**Required action**
What's needed: every entry, printed exactly, minus the images.

**The data**

-- -- --

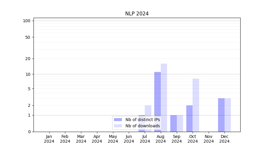 Number of downloads for software package NLP, year by year, from 2025 back to 2014 (years with no downloads are omitted):
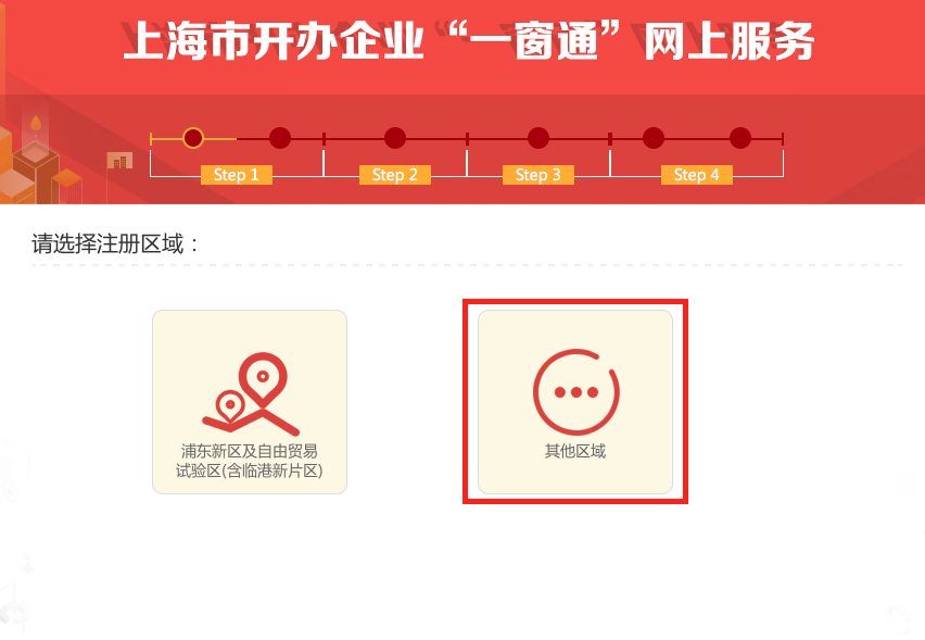 3. 浦东新区和自贸试验区、临港新片区的企业,也可以按照老方式进行名称申报,在系统中选择“其他区域”即可(见下图)。
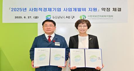 [파이낸셜경제=박영진 기자] 부산 서구는 ‘2025년 사회적경제기업 사업개발비 지원 사업’ 공모에 선정된 관내 예비사회적기업 ㈜한국보건의료복지협회와 사업개발비 지원 약정을 체결했다.
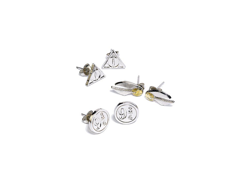 zestaw obejmuje: 1 parę kolczyków – Złoty Znicz, 1 parę kolczyków – insygnia śmierci, parę kolczyków – peron 9 3/4
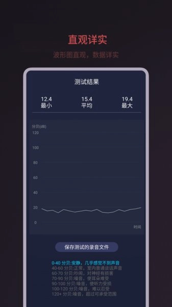 2、专业手机分贝测试,高精准度噪音检测;
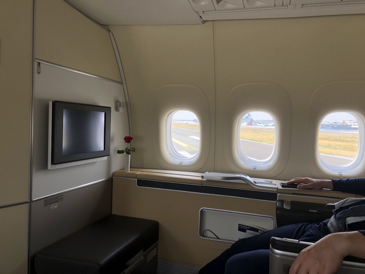 Die First war heute ausgebucht, unter den acht Passagieren war auch ein Ehepaar auf 3A und 3D, man kann als gemeinsam Reisende also durchaus auch über den Gang sitzen und die Trenwannd der Mittelkonsole im mittleren Sitzpaar nutzen.
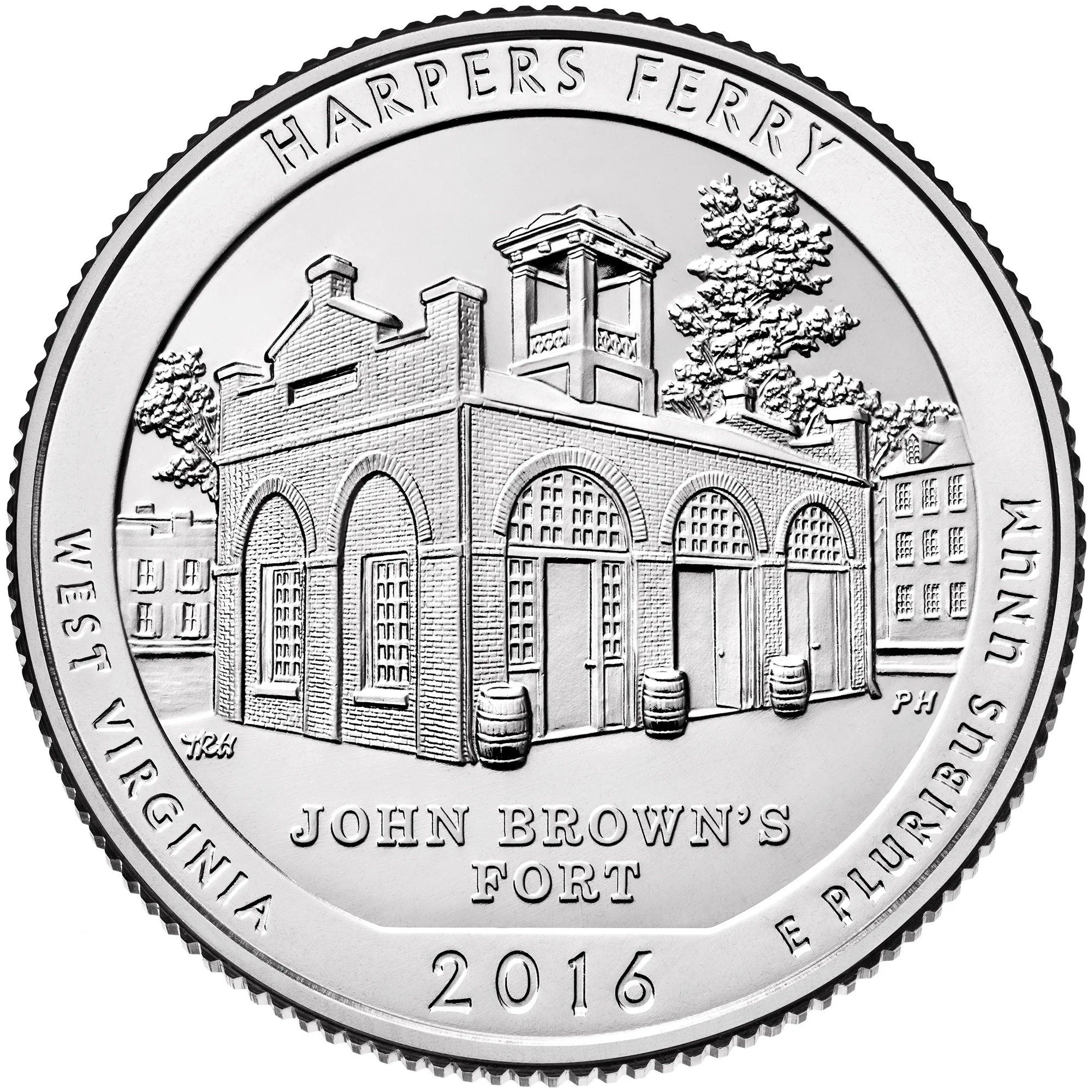 John Brown's Fort, site of his last stand at Harpers Ferry. Inscribed: "HARPERS FERRY," "WEST VIRGINIA," "JOHN BROWN'S FORT," "2016," and "E PLURIBUS UNUM."

-- -- --

**Answer below**
 Number of downloads for software package NLP, year by year, from 2025 back to 2014 (years with no downloads are omitted):
 3. 浦东新区和自贸试验区、临港新片区的企业,也可以按照老方式进行名称申报,在系统中选择“其他区域”即可(见下图)。
 [파이낸셜경제=박영진 기자] 부산 서구는 ‘2025년 사회적경제기업 사업개발비 지원 사업’ 공모에 선정된 관내 예비사회적기업 ㈜한국보건의료복지협회와 사업개발비 지원 약정을 체결했다.
 zestaw obejmuje: 1 parę kolczyków – Złoty Znicz, 1 parę kolczyków – insygnia śmierci, parę kolczyków – peron 9 3/4
 2、专业手机分贝测试,高精准度噪音检测;
 Die First war heute ausgebucht, unter den acht Passagieren war auch ein Ehepaar auf 3A und 3D, man kann als gemeinsam Reisende also durchaus auch über den Gang sitzen und die Trenwannd der Mittelkonsole im mittleren Sitzpaar nutzen.
 John Brown's Fort, site of his last stand at Harpers Ferry. Inscribed: "HARPERS FERRY," "WEST VIRGINIA," "JOHN BROWN'S FORT," "2016," and "E PLURIBUS UNUM."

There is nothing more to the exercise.